ACTIVITY. Below are the records; repeat exactly their lines between the line holding "Muito colorida e" and the line holding "0.4KW 0.75KW 1.1KW", inclusive, skipping the pictures.

EXERCISE INPUTS.
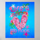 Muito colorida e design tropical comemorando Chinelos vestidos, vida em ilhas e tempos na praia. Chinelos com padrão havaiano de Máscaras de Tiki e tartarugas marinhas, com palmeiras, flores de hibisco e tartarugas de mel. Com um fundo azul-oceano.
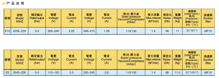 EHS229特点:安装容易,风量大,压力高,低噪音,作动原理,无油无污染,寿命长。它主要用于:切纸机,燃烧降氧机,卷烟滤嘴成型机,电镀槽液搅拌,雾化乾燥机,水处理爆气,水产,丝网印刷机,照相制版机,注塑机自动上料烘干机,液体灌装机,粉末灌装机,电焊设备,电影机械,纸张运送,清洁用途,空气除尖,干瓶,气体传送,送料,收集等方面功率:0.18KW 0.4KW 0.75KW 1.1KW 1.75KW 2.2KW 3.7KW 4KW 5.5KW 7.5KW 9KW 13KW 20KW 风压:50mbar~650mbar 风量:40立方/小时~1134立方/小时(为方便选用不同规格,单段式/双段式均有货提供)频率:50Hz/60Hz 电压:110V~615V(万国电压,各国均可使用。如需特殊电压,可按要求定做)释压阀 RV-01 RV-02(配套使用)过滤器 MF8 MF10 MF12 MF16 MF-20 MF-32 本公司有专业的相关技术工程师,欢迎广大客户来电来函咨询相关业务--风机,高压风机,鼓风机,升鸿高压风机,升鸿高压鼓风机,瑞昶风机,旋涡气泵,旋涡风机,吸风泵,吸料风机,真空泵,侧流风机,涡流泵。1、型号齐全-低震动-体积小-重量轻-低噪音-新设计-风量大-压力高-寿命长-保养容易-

* * *

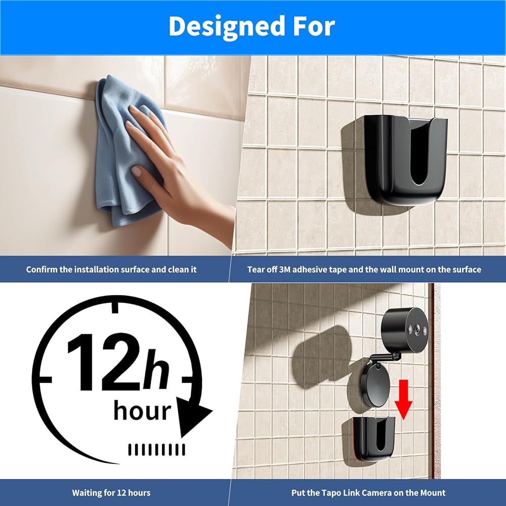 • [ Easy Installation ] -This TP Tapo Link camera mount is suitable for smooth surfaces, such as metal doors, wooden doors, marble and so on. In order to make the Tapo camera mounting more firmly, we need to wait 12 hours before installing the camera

==

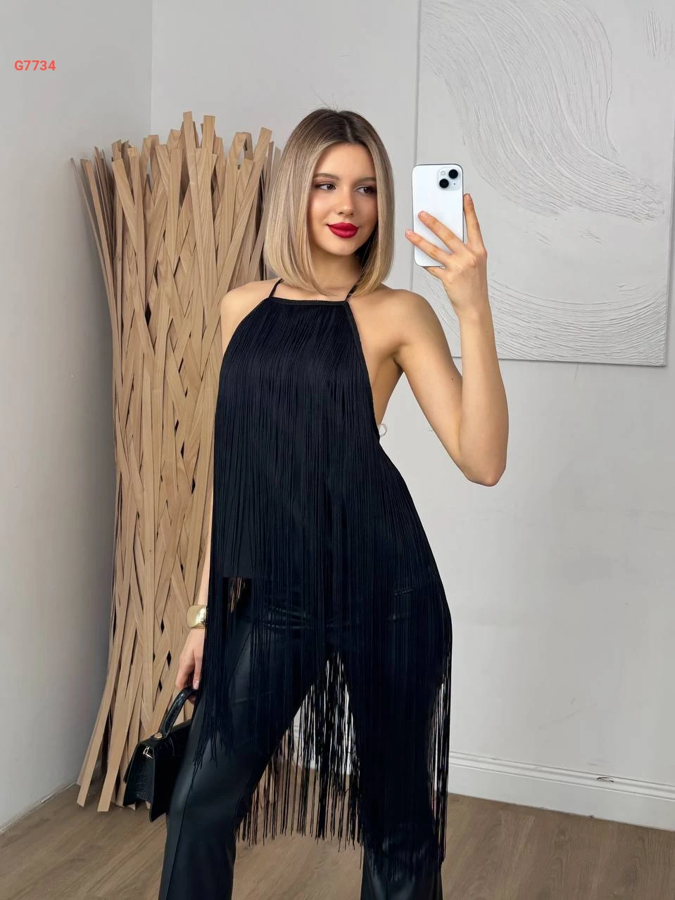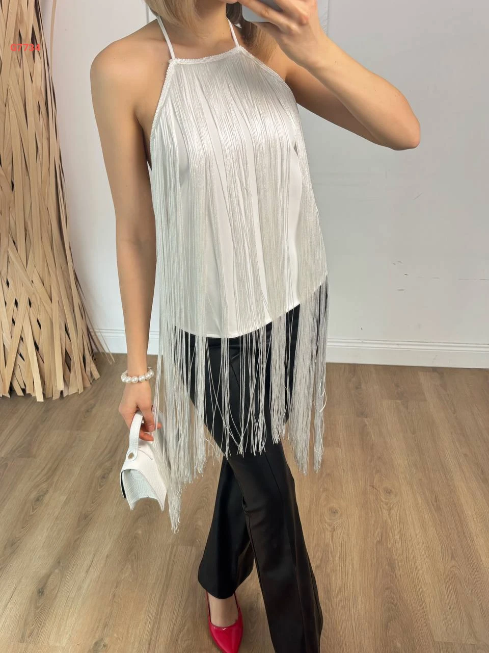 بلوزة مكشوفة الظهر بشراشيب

ANSWER SPACE.
 Muito colorida e design tropical comemorando Chinelos vestidos, vida em ilhas e tempos na praia. Chinelos com padrão havaiano de Máscaras de Tiki e tartarugas marinhas, com palmeiras, flores de hibisco e tartarugas de mel. Com um fundo azul-oceano.
 EHS229特点:安装容易,风量大,压力高,低噪音,作动原理,无油无污染,寿命长。它主要用于:切纸机,燃烧降氧机,卷烟滤嘴成型机,电镀槽液搅拌,雾化乾燥机,水处理爆气,水产,丝网印刷机,照相制版机,注塑机自动上料烘干机,液体灌装机,粉末灌装机,电焊设备,电影机械,纸张运送,清洁用途,空气除尖,干瓶,气体传送,送料,收集等方面功率:0.18KW 0.4KW 0.75KW 1.1KW 1.75KW 2.2KW 3.7KW 4KW 5.5KW 7.5KW 9KW 13KW 20KW 风压:50mbar~650mbar 风量:40立方/小时~1134立方/小时(为方便选用不同规格,单段式/双段式均有货提供)频率:50Hz/60Hz 电压:110V~615V(万国电压,各国均可使用。如需特殊电压,可按要求定做)释压阀 RV-01 RV-02(配套使用)过滤器 MF8 MF10 MF12 MF16 MF-20 MF-32 本公司有专业的相关技术工程师,欢迎广大客户来电来函咨询相关业务--风机,高压风机,鼓风机,升鸿高压风机,升鸿高压鼓风机,瑞昶风机,旋涡气泵,旋涡风机,吸风泵,吸料风机,真空泵,侧流风机,涡流泵。1、型号齐全-低震动-体积小-重量轻-低噪音-新设计-风量大-压力高-寿命长-保养容易-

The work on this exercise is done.